An 11-year-old Cambodian boy presented with fever, headache, myalgia, vomiting, and mild abdominal pain. Laboratory tests revealed pancytopenia, with a WBC count of 0.9 × 10⁹/L, an absolute neutrophil count (ANC) of 0.5 × 10⁹/L, an Hb concentration of 7.3 g/dL, and a platelet count of 70 × 10⁹/L. Dengue serology was positive for both IgG and IgM, confirming the presence of dengue fever. After 16 days, the patient was afebrile for more than 9 days, but persistent pancytopenia led to a referral for haematology. Repeated laboratory investigations confirmed severe pancytopenia, with a white blood cell count (WBC) of 0.9 × 10⁹/L, an ANC of 0.08 × 10⁹/L, a hemoglobin (Hb) concentration of 7.7 g/dL, a platelet count of 40 × 10⁹/L, and an absolute reticulocyte count of 2.94 × 10⁹/L, with a bone marrow exam revealing very severe aplastic anemia (AA) secondary to dengue.

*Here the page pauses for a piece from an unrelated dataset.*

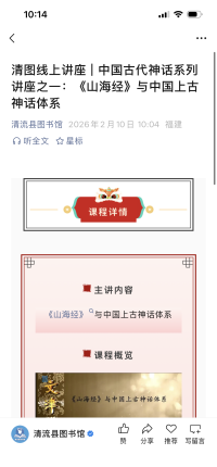 《全民阅读促进条例》于2026年2月1日正式施行,为传承中华优秀传统文化、促进全民阅读、推进书香社会建设提供了法规依据。为更好地贯彻落实习近平文化思想和习近平总书记给国图老专家回信精神,进一步传承弘扬“春节”主题的中华优秀传统文化,更好满足人民精神文化需求,营造和谐新春氛围,清流县图书馆积极参加国家图书馆和中国图书馆学会开展的2026年“策马迎春 阅享新年”春节主题活动,将国家图书馆优质资源惠及广大读者,共贺新春特推出中国古代神话系列讲座,本期内容:《山海经》与中国上古神话体系,主讲人:刘宗迪,内容摘要:《山海经》是流传至今的最古老的汉语典籍,其中记载了丰富多彩的上古神话,反映了华夏先民对于宇宙人类、日月星辰、大地山川、世间万物和人类文明的来历与意义的理解,保存了华夏民族最古老的自然知识和文化记忆。准确理解《山海经》其书,有助于我们重构华夏上古神话体系,穿越漫长的时间洪流,回到华夏文明的源头,重温华夏先民眼中那个天地相映、人神相通的神话世界。

Biimmunosuppressive therapy with cyclosporin A (8 mg/kg/day) and prednisolone (2 mg/kg/day) was started. The patient improved significantly, with normalization of blood counts and resolution of hemorrhagic symptoms, and was discharged. Cyclosporine treatment was continued for 3 months, resulting in complete remission.

Conclusion

Aplastic anemia secondary to dengue fever is an uncommon but serious complication. Early recognition, particularly in endemic areas, and timely initiation of immunosuppressive therapy are crucial for favorable outcomes. In resource-limited settings where ATG is not accessible, such as in Cambodia, a combination of cyclosporin A and corticosteroids can be an effective alternative, as demonstrated in this case.